#### Your objective
From the line containing "The Kona racks" down to the line containing "cuffs and hem.", copy out the entries below exactly, both lines included, and nothing else; pictures do not belong in the copy.

#### Recorded information
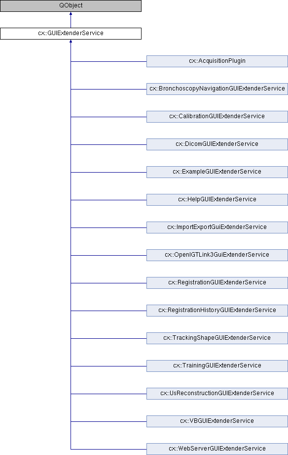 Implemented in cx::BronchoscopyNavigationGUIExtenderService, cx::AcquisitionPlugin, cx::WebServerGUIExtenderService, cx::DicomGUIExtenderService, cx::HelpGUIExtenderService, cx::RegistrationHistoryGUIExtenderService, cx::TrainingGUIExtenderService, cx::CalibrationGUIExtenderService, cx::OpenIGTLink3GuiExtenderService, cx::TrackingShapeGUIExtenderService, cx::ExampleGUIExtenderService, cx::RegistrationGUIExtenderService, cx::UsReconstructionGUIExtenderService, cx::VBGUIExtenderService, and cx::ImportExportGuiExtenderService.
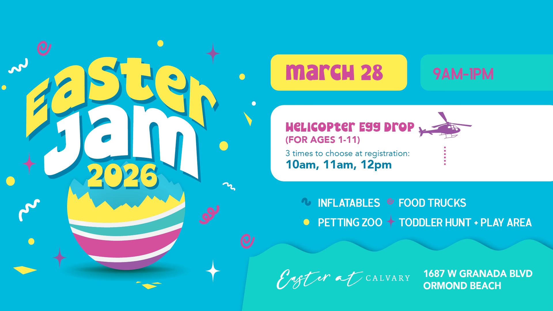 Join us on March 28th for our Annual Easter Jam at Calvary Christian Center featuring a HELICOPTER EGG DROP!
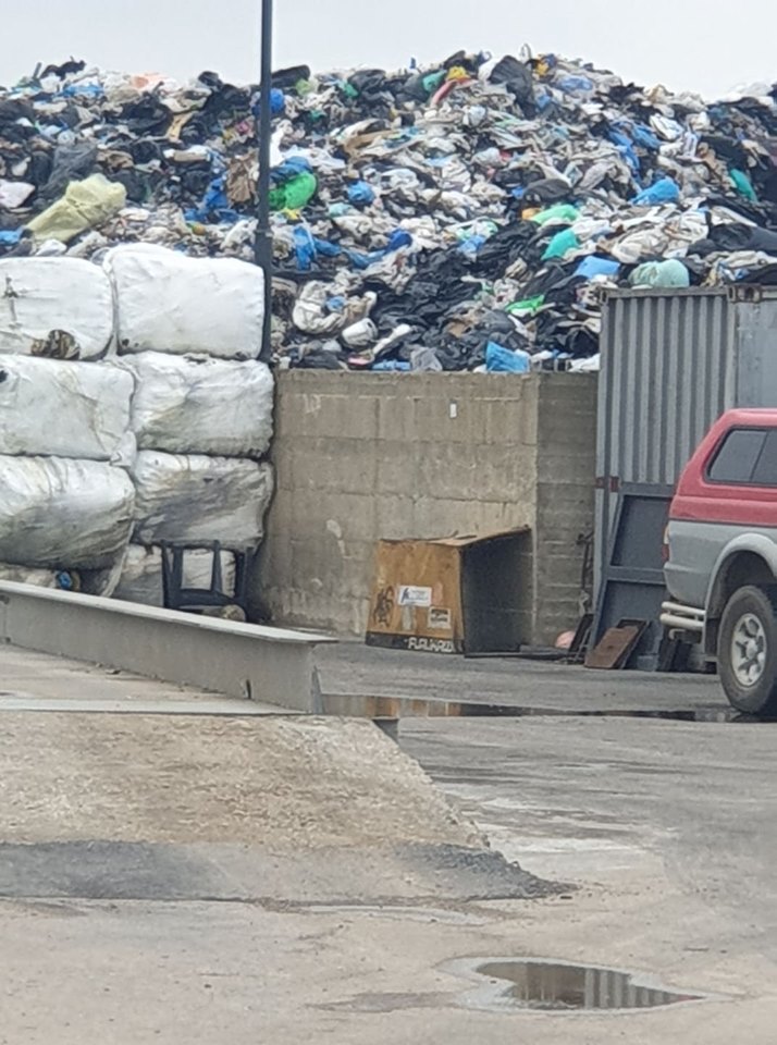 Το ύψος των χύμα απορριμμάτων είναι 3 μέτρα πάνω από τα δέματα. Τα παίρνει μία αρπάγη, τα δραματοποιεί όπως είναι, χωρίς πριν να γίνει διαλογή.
==
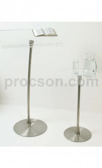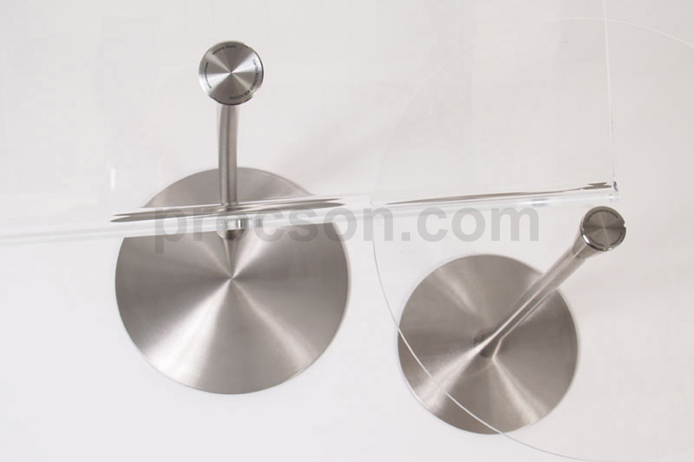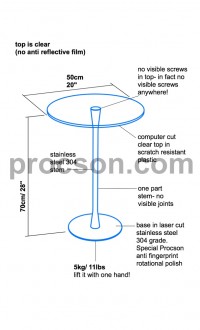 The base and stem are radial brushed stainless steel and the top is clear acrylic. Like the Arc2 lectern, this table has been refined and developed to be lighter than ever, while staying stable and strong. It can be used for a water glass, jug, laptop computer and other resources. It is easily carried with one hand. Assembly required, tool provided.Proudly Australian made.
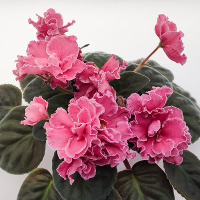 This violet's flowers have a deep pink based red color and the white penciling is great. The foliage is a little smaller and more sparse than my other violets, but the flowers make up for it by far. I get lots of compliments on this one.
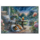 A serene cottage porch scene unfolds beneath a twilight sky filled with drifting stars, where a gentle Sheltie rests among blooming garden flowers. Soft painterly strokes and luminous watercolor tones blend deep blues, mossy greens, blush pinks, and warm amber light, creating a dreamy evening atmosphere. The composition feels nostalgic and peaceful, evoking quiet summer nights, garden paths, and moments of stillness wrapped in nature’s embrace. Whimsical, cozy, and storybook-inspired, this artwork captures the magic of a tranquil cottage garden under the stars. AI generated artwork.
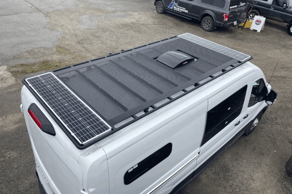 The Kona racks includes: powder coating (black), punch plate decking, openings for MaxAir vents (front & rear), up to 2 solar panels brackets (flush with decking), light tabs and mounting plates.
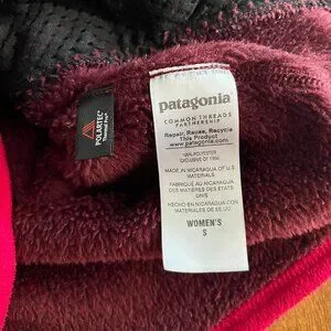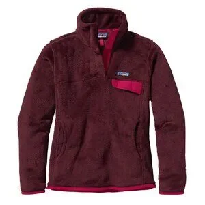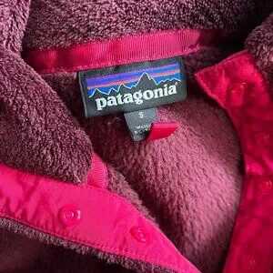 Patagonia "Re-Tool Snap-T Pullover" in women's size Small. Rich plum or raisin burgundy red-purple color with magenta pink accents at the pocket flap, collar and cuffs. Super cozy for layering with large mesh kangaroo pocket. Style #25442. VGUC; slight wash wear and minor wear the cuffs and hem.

#### Result of the task
 The Kona racks includes: powder coating (black), punch plate decking, openings for MaxAir vents (front & rear), up to 2 solar panels brackets (flush with decking), light tabs and mounting plates.
 Patagonia "Re-Tool Snap-T Pullover" in women's size Small. Rich plum or raisin burgundy red-purple color with magenta pink accents at the pocket flap, collar and cuffs. Super cozy for layering with large mesh kangaroo pocket. Style #25442. VGUC; slight wash wear and minor wear the cuffs and hem.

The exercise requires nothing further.